1. $M$ is projective iff every short exact sequence ending in $M$ splits;
2. $M$ is projective iff it is a direct summand of a free module;
3. Every finitely-generated projective module over a local ring is free.

Lemma. Let $R$ be a commutative ring and let $M$ be a finitely-generated projective module. Then $M_P$ is a finitely-generated projective module for any prime ideal $P\subset R$.

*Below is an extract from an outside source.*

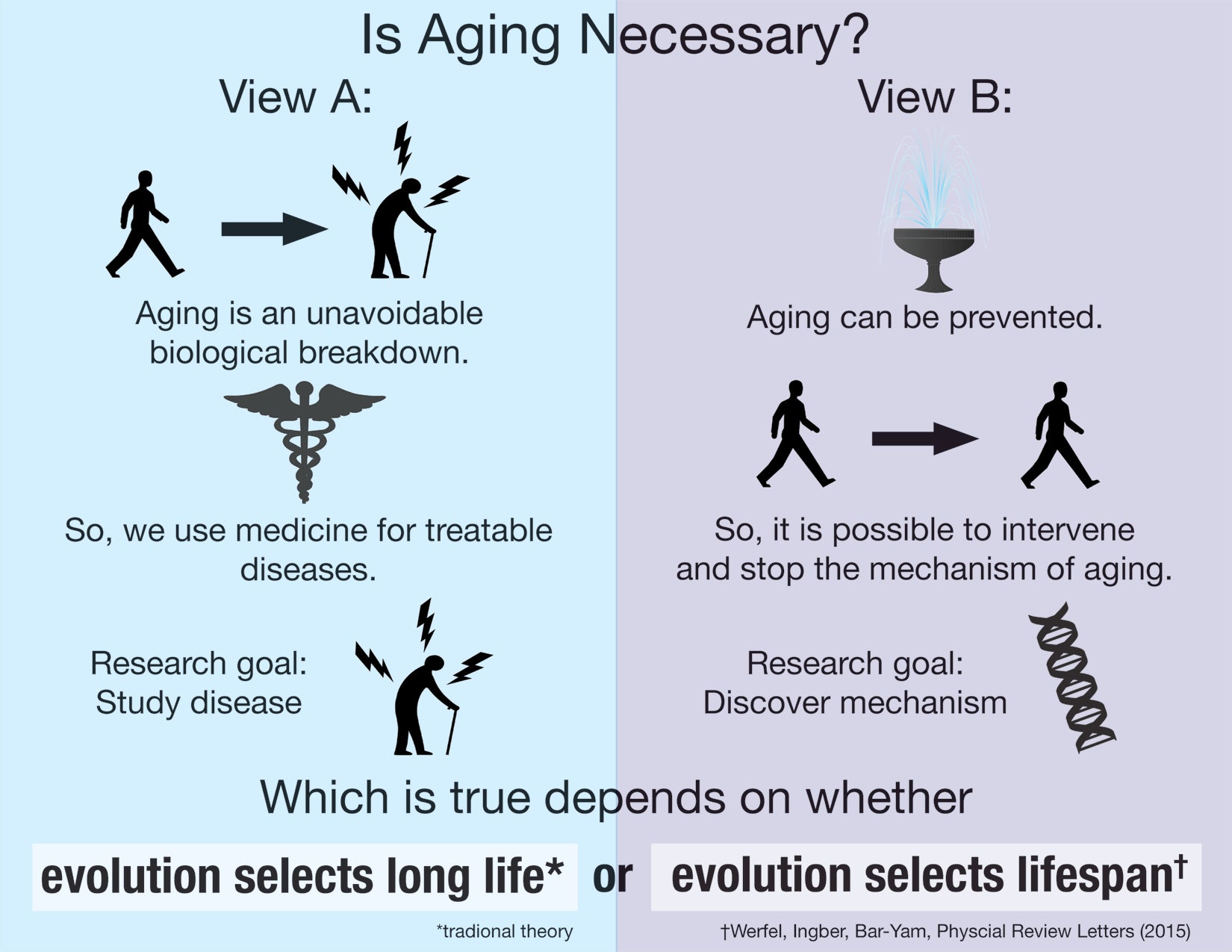 He says the answer from the traditional theory is not based upon any understanding of biology that tells us aging is necessary, “but it’s only and solely based upon solutions that are based on mathematical approximations.”

Proof. Let $R^n\to M$ be a surjection (which exists by the finitely-generated hypothesis) with kernel $K$, so that $R^n\cong M\oplus K$ by fact 1. As localization is exact, we have $R^n_P\cong M_P\oplus K_P$, which implies $M_P$ is projective by fact 2. $\blacksquare$

Now let's prove the result. For any primes $P\subset Q \subset R$, we have $M_P\cong R_P^{n_P}$ and $M_Q\cong R_Q^{n_Q}$ for some nonnegative integers $n_P,n_Q$ by the lemma, giving $\operatorname{rank}_P M=n_P$ and $\operatorname{rank}_Q M=n_Q$. On the other hand, since localization is transitive, we have $R_P^{n_P} = M_P = (M_Q)_{P_Q} = (R_Q^{n_Q})_{P_Q} = R_P^{n_Q}$, giving $n_Q=n_P$ for any inclusion of primes $P\subset Q$. Now since $R$ has only the trivial idempotents, $\operatorname{Spec} R$ is connected, which means for any primes $P,P'\subset R$ there is a chain of inclusions of prime ideals $P\subset P_0 \supset P_1 \subset \cdots \supset P_n \subset P'$ connecting $P$ and $P'$, which by the above shows that $n_P = n_{P'}$. Such a chain exists by jumping from irreducible component to irreducible component: if there were a partition of irreducible components in to two sets where you cannot jump from one to the other, this would prove $\operatorname{Spec} R$ is disconnected.